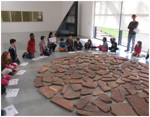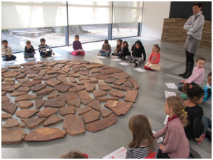 Nous avons terminé la visite par une œuvre de Richard Long. Il s’agit de Land Art. il a mis des pierres ensemble pour former un cercle, à l’intérieur, il y a un espace entre toutes les pierres. C’est une œuvre éphémère, les artistes les font dans la nature, ils prennent la photographie puis ils s’en vont.
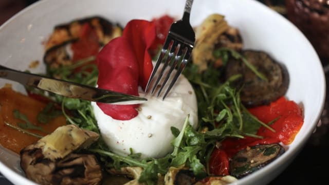 Légumes grillés du soleil et sa burrata entière di Buffala sauce pesto
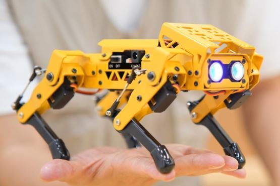 Here is another open source robot that can take your coding to the next level. The Hiwonder MechDog has 8 high-speed coreless servos and an ESP32 controller. It can be expanded with ultrasonic, IMU, and other sensors. You can program this in Python, Arduino and Scratch. This robot is compact enough to fit in the palm of your hand. It can adjust its body posture and angle to move around.
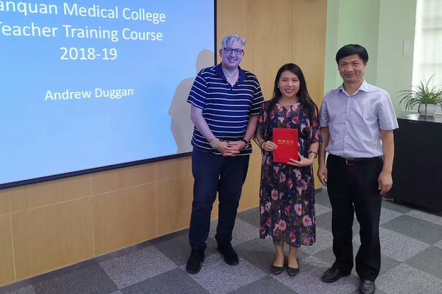 首先,Andrew与在座人员回忆了为期一年的双语师资培训课的点点滴滴,他用图片和音乐将大家一起拉回到培训课的现场。他表示,三全学院是一所有魔力的学校,感谢学校领导对于首期双语师资培训课的大力支持;很高兴与在座的教师一起成长,见证各位教师在英语教学上的进步。

## WHAT THE TASK ASKS
Extract, word for word, each line from the one that contains "Here is another" through the final line of the data above. Leave the pictures out.

## REPLY TO THE EXERCISE
 Here is another open source robot that can take your coding to the next level. The Hiwonder MechDog has 8 high-speed coreless servos and an ESP32 controller. It can be expanded with ultrasonic, IMU, and other sensors. You can program this in Python, Arduino and Scratch. This robot is compact enough to fit in the palm of your hand. It can adjust its body posture and angle to move around.
 首先,Andrew与在座人员回忆了为期一年的双语师资培训课的点点滴滴,他用图片和音乐将大家一起拉回到培训课的现场。他表示,三全学院是一所有魔力的学校,感谢学校领导对于首期双语师资培训课的大力支持;很高兴与在座的教师一起成长,见证各位教师在英语教学上的进步。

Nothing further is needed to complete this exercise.